>>

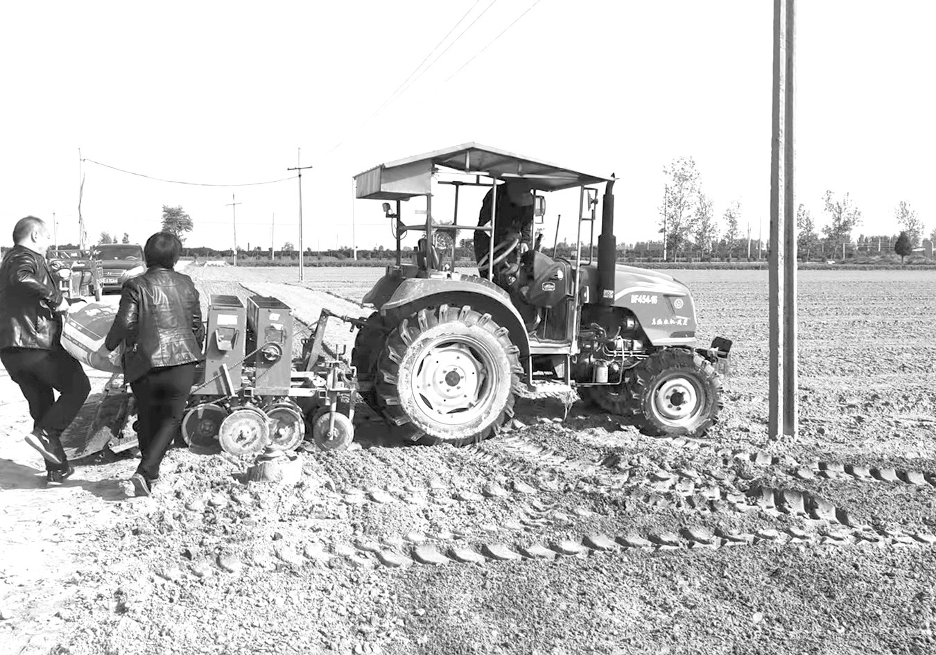 10月16日,大荔县韦林镇东高村正在组织50余台播种机播种小麦。目前,该村已播种小麦2000亩。
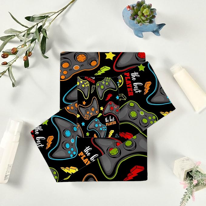 Gaming 3 Piece Towel Bathroom Sets, 1 Bath Towel, 1 Washcloth, 1 Hand Towel, Cotton Fast Dry Soft Absorbent Towel Set for Home Kitchen Family
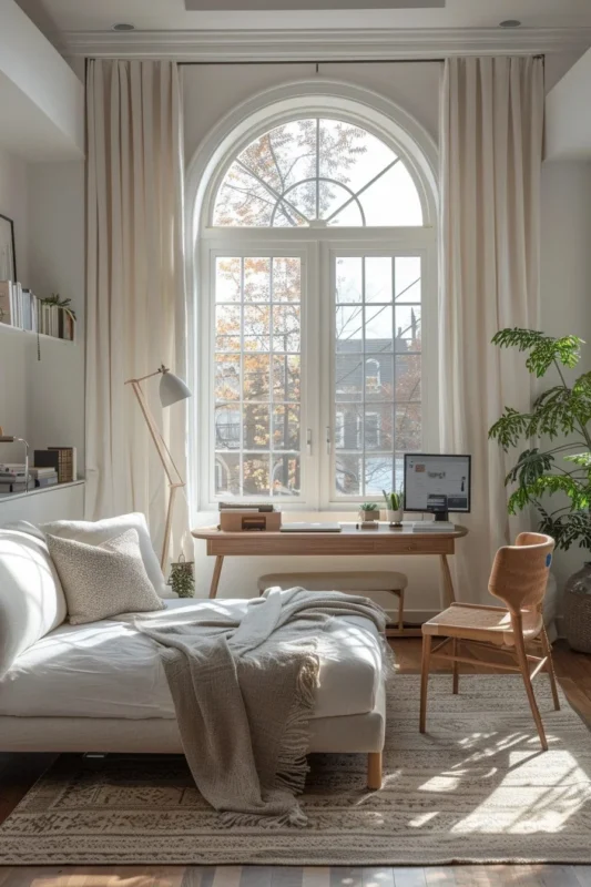 Pro Tip: Place a mirror across from the window to reflect natural light deeper into the room. This helps brighten both the workspace and sleeping area.
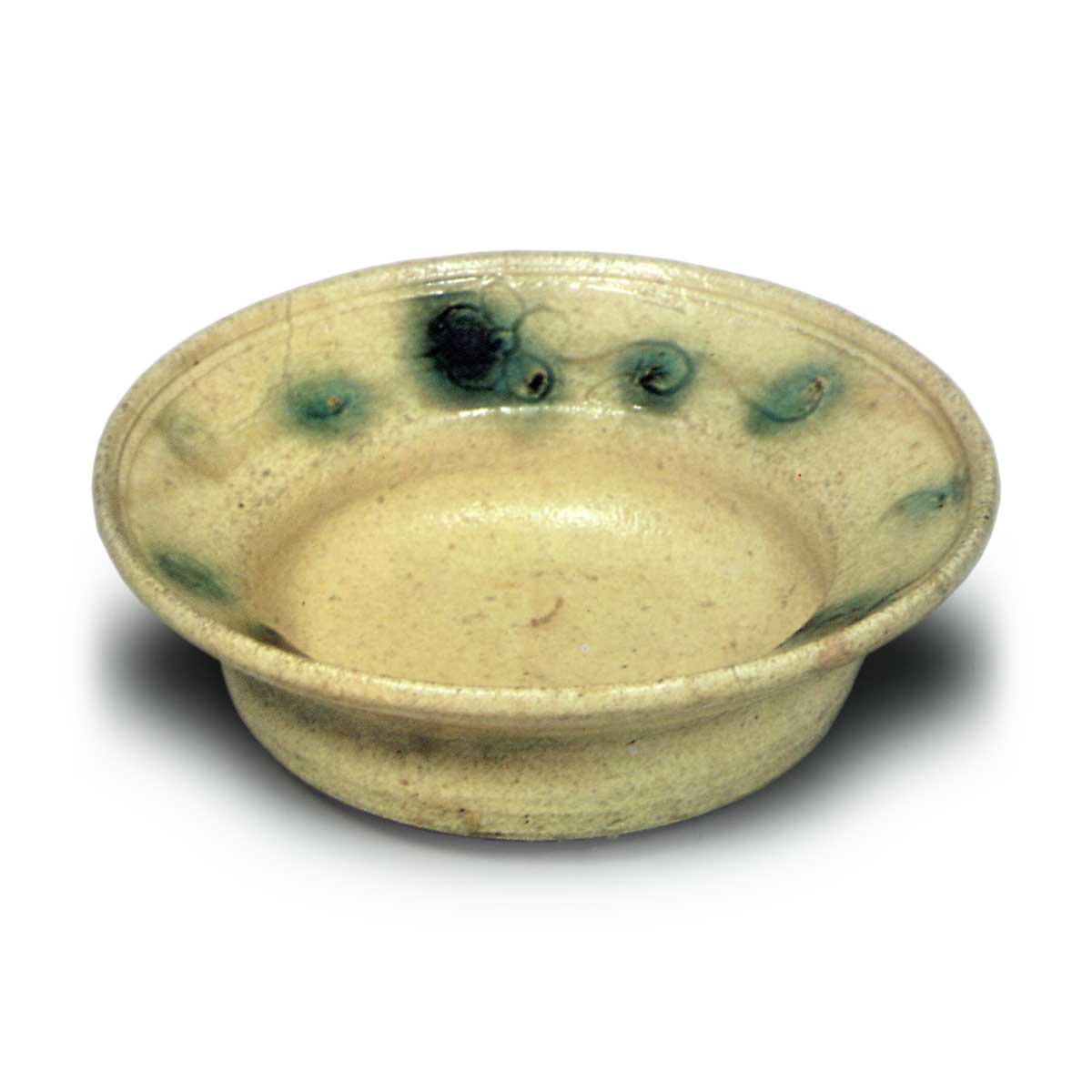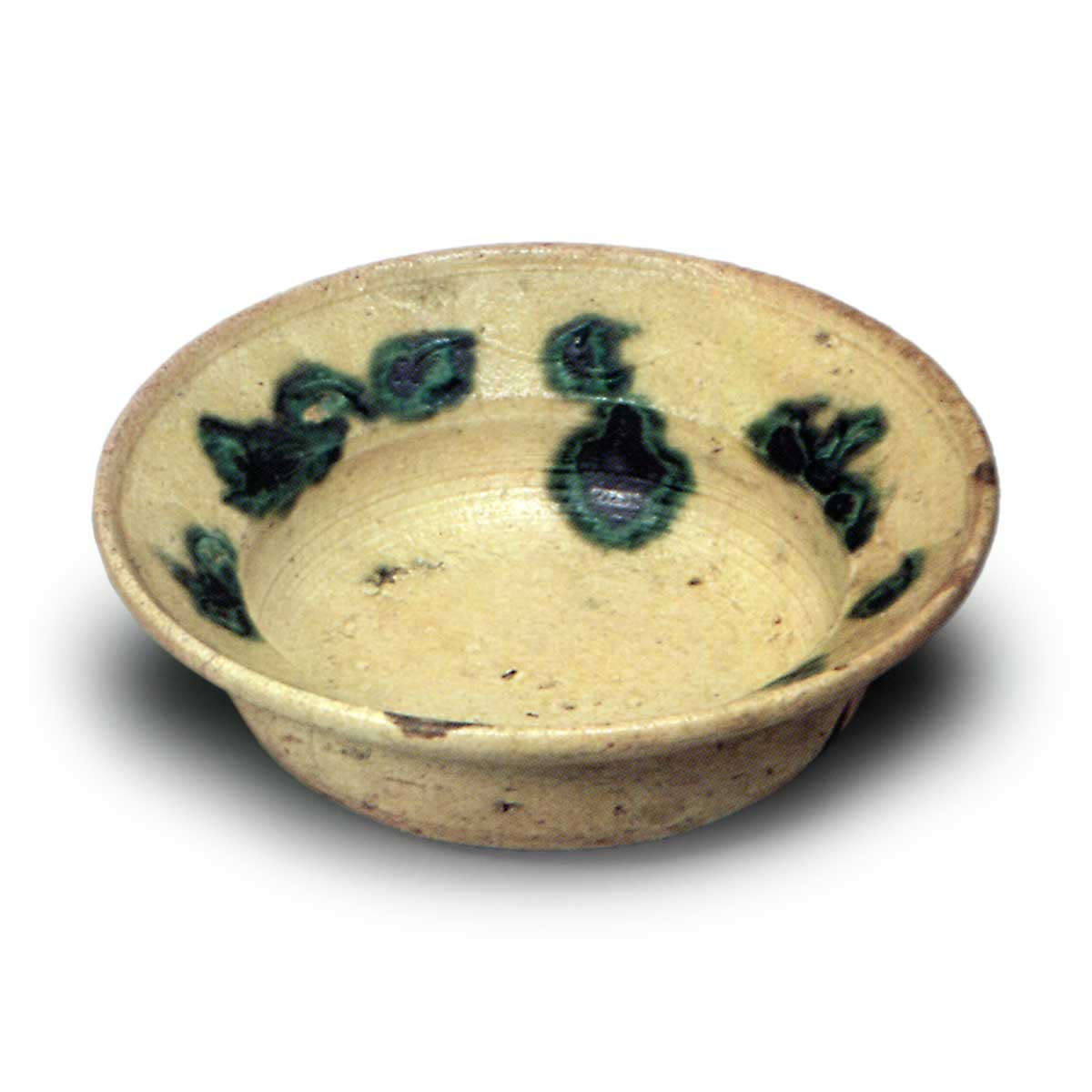 黄瀬戸梅花唐草纹鉢 日本黄瀬戸梅花唐草纹鉢 2025.07.22 黄瀬戸梅花唐草纹鉢 黄瀬戸梅花唐草纹鉢 黄瀬戸梅花唐草纹鉢 黄瀬戸梅花唐草纹鉢 这是黄瀬戸鉢的代表性作品,曾为藤田家传世之物。柔和的釉面点缀着数个胆礬斑点,且深浅不一、若隐若现,美不胜收。器形为口部呈舞状展开,边缘圆润,圆形内壁带有柔和的弧度,底部采用碁笥底式,中央部分浅凹。黄瀬戸的器物大多采用棋盘底式,底部中央浅凹,但也有底座较高、釉面较低的款式。胆礬的处理方式也各不相同,有的刻意置于文样之上,有的则以斑点状随意点缀,看似随意却别具风味。总体而言,与志野的餐具相比,黄瀬戸的制作风格更为端庄整齐,这是其独特之处。
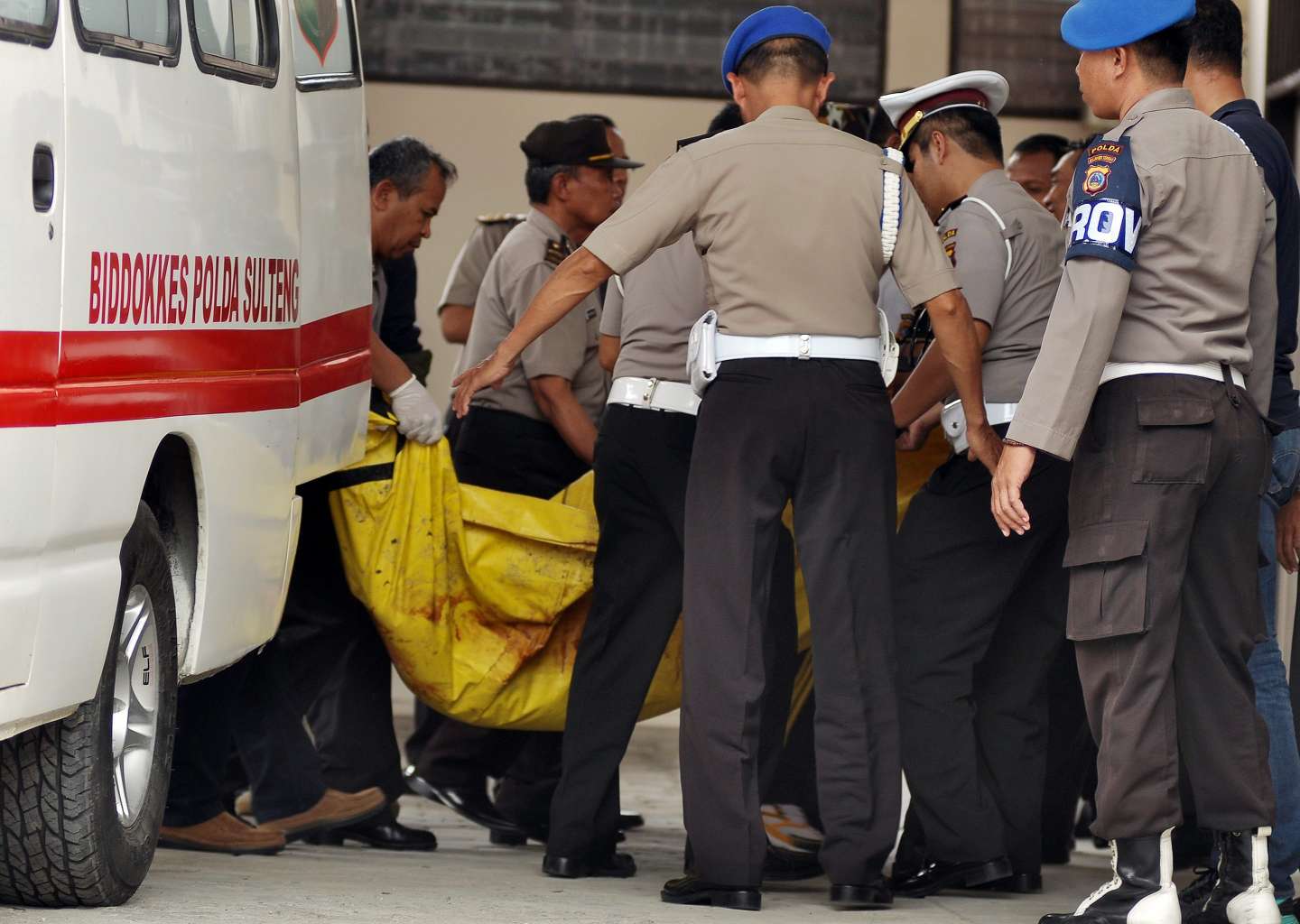 Indonesian police officers carrying body bags containing the body of two members of the East Indonesia Mujahidin (MIT) at a police hospital in Palu, Central Sulawesi, on July 19, 2016.
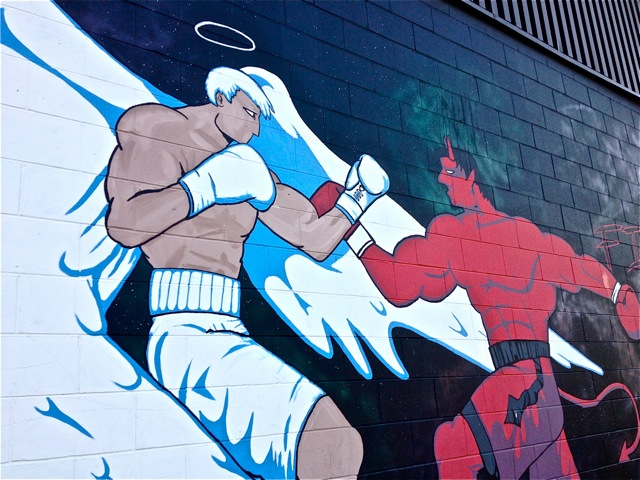 Interesting corner to say the least, but makes perfect sense under the fitness center advertisement! I do like the concept and of course the color makes perfect sense!
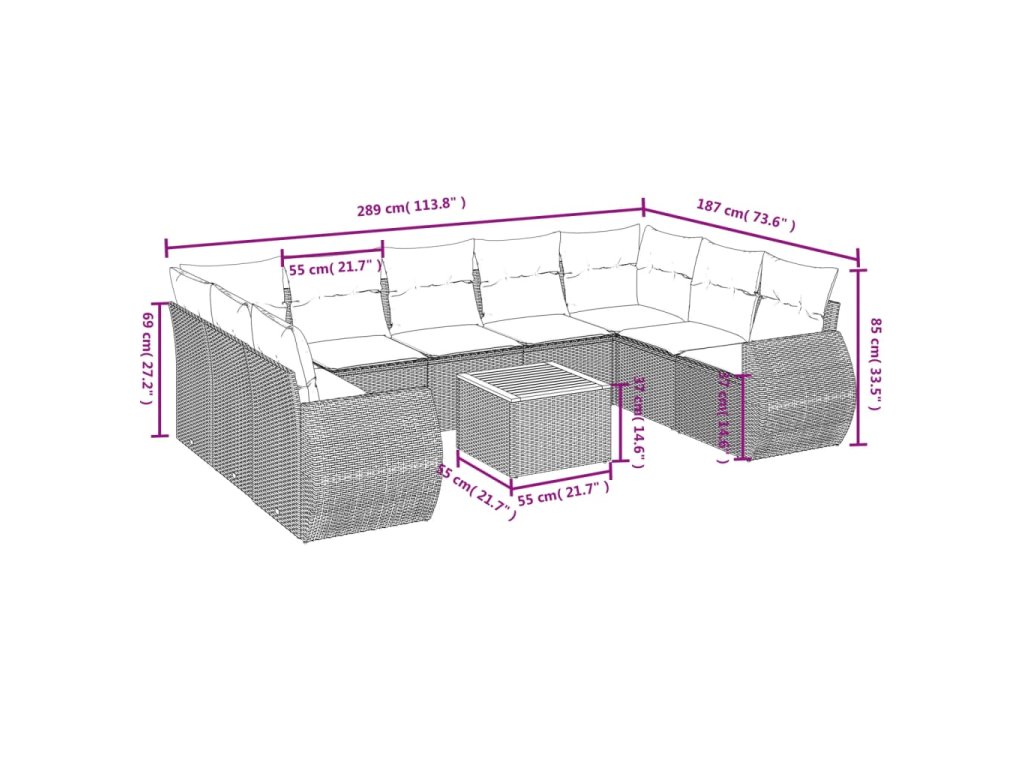 10dílná zahradní sedací souprava s poduškami černá polyratan 3225146
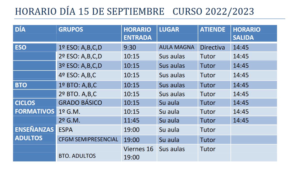 Horario de inicio del curso escolar 2022-2023 (15 septiembre)
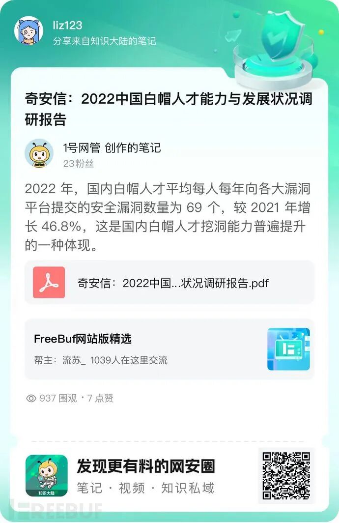 各位读者周末好,以下是本周「FreeBuf知识大陆一周优质资源推荐」,我们精选了本周知识大陆公开发布的10条优质资源,让我们一起看看吧。
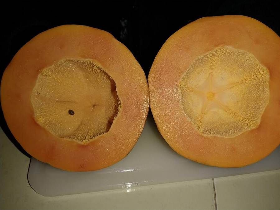 這個木瓜最后只有一粒種子在里面。
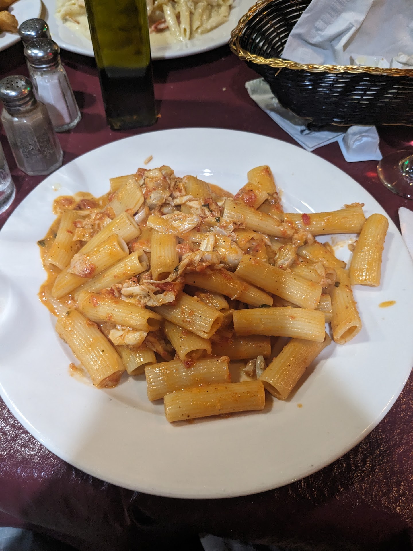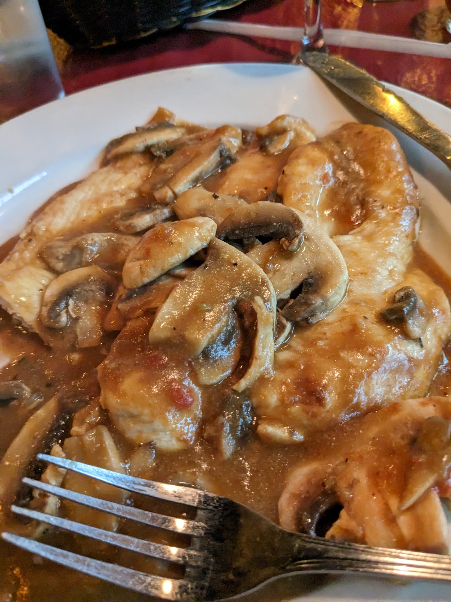 We were the only people in the place and yet food took 35 minutes; which was great news to my 8-year old since it meant more 🍞 We are talking children's pasta and I can't even recall what I ordered but I think it was chicken parm. I brought wine and was waiting for proper glassware. Are these not Italians who know a water glass from a red wine (Barolo specifically)??? Oh at this point the professional waitress left ( it was an early Sunday) and the older woman that took over had to be family from her demeanor and how she addressed the Hispanic staff. This is where things got weird. She started giving unsolicited input on my wine consumption, myself Kid's appetite for endless 🧺 of bread 🍞 and the absolute 🍒 on top of this attempt at waitressesing was when she declared I had enough food ordered and didn't need an order of Italian sausage!!!!!! I have cancer and weigh 125 pounds on a great day but have sank as low as 112.
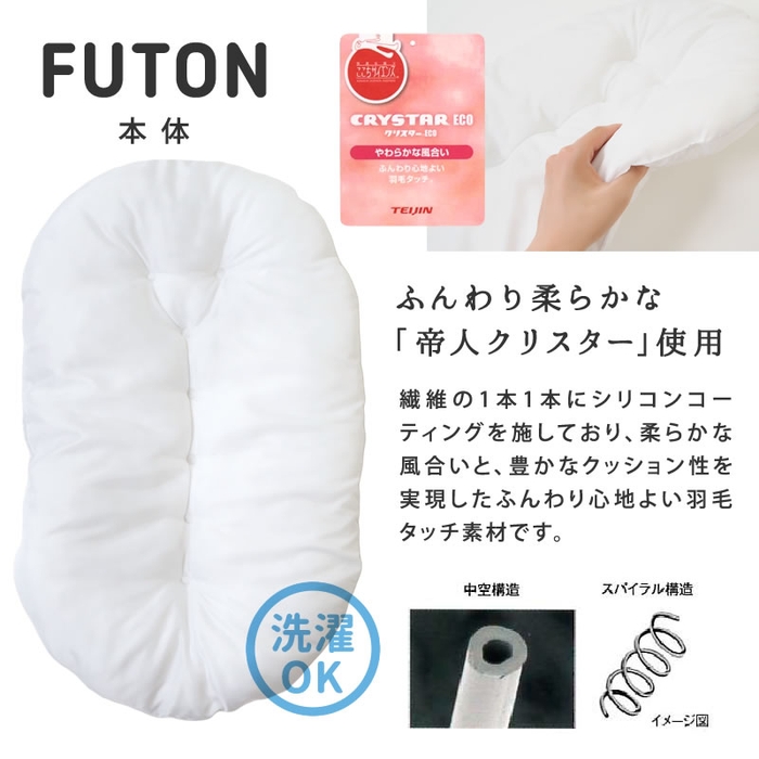 繊維の1本1本にシリコンコーティングを施しており、柔らかな風合いと、豊かなクッション性を実現したふんわり心地よい羽毛タッチ素材です。
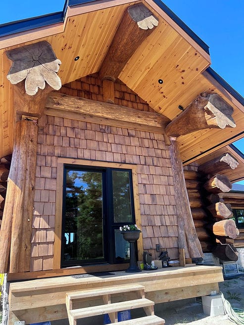 So first things first, apparently not all log homes are created equal! Our friends interviewed several builders and had it narrowed down to a couple of companies in British Columbia, but the winning bidder was Lake Country Log Homes who were able to do the beautiful flared detail on the king beams running through the home to the outside, as pictured.
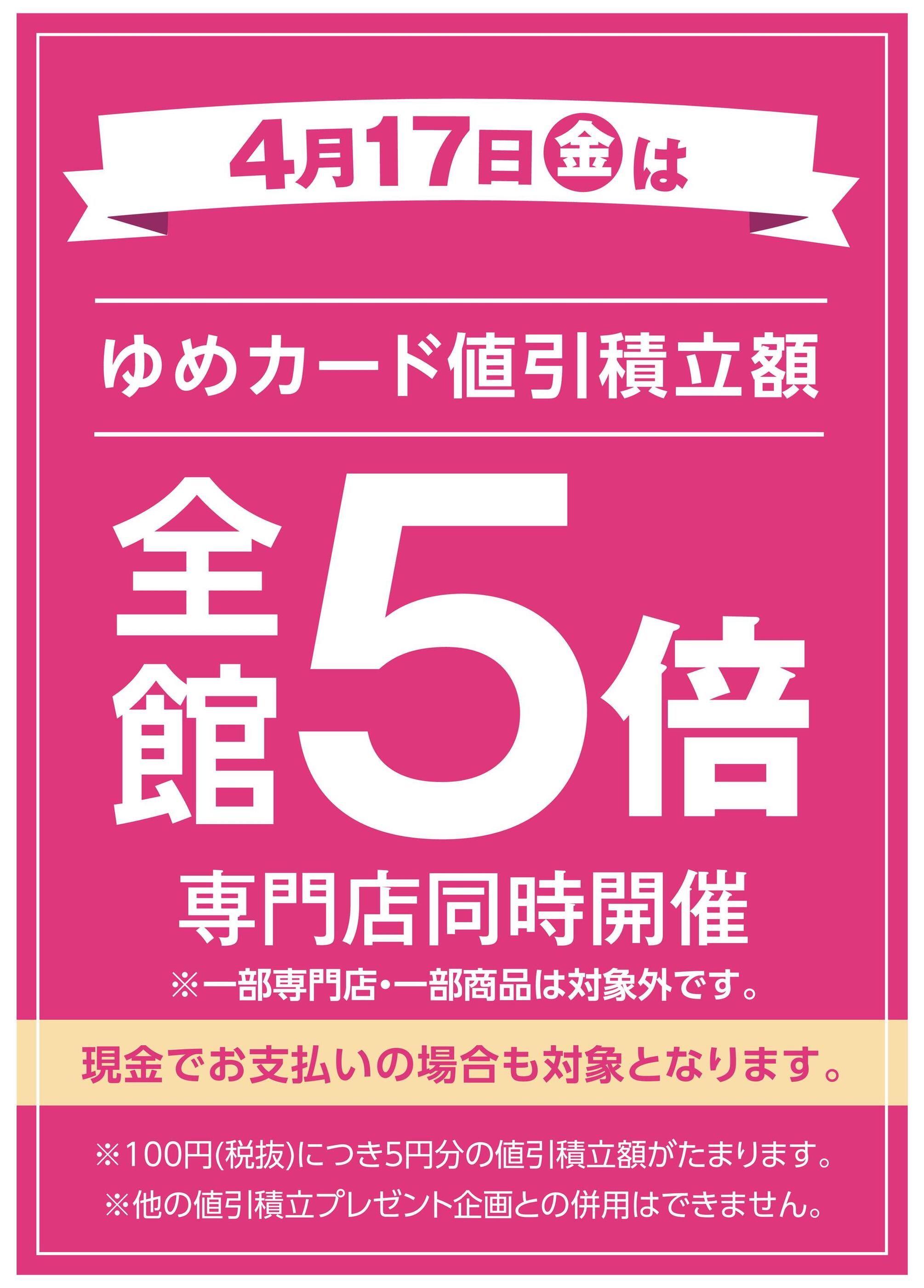 - ゆめアプリ会員様限定!毎週土曜日は直営売場5倍new (1枚)
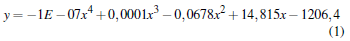 En base a una regresión polinómica de cuarto grado, se obtiene la siguiente ecuación:

<<

__Assignment__:
Please give back exactly the lines from the first line of the records above through the line containing "這個木瓜最后只有一粒種子在里面。", only those and both included, with the pictures removed.

__Solution__:
 10月16日,大荔县韦林镇东高村正在组织50余台播种机播种小麦。目前,该村已播种小麦2000亩。
 Gaming 3 Piece Towel Bathroom Sets, 1 Bath Towel, 1 Washcloth, 1 Hand Towel, Cotton Fast Dry Soft Absorbent Towel Set for Home Kitchen Family
 Pro Tip: Place a mirror across from the window to reflect natural light deeper into the room. This helps brighten both the workspace and sleeping area.
 黄瀬戸梅花唐草纹鉢 日本黄瀬戸梅花唐草纹鉢 2025.07.22 黄瀬戸梅花唐草纹鉢 黄瀬戸梅花唐草纹鉢 黄瀬戸梅花唐草纹鉢 黄瀬戸梅花唐草纹鉢 这是黄瀬戸鉢的代表性作品,曾为藤田家传世之物。柔和的釉面点缀着数个胆礬斑点,且深浅不一、若隐若现,美不胜收。器形为口部呈舞状展开,边缘圆润,圆形内壁带有柔和的弧度,底部采用碁笥底式,中央部分浅凹。黄瀬戸的器物大多采用棋盘底式,底部中央浅凹,但也有底座较高、釉面较低的款式。胆礬的处理方式也各不相同,有的刻意置于文样之上,有的则以斑点状随意点缀,看似随意却别具风味。总体而言,与志野的餐具相比,黄瀬戸的制作风格更为端庄整齐,这是其独特之处。
 Indonesian police officers carrying body bags containing the body of two members of the East Indonesia Mujahidin (MIT) at a police hospital in Palu, Central Sulawesi, on July 19, 2016.
 Interesting corner to say the least, but makes perfect sense under the fitness center advertisement! I do like the concept and of course the color makes perfect sense!
 10dílná zahradní sedací souprava s poduškami černá polyratan 3225146
 Horario de inicio del curso escolar 2022-2023 (15 septiembre)
 各位读者周末好,以下是本周「FreeBuf知识大陆一周优质资源推荐」,我们精选了本周知识大陆公开发布的10条优质资源,让我们一起看看吧。
 這個木瓜最后只有一粒種子在里面。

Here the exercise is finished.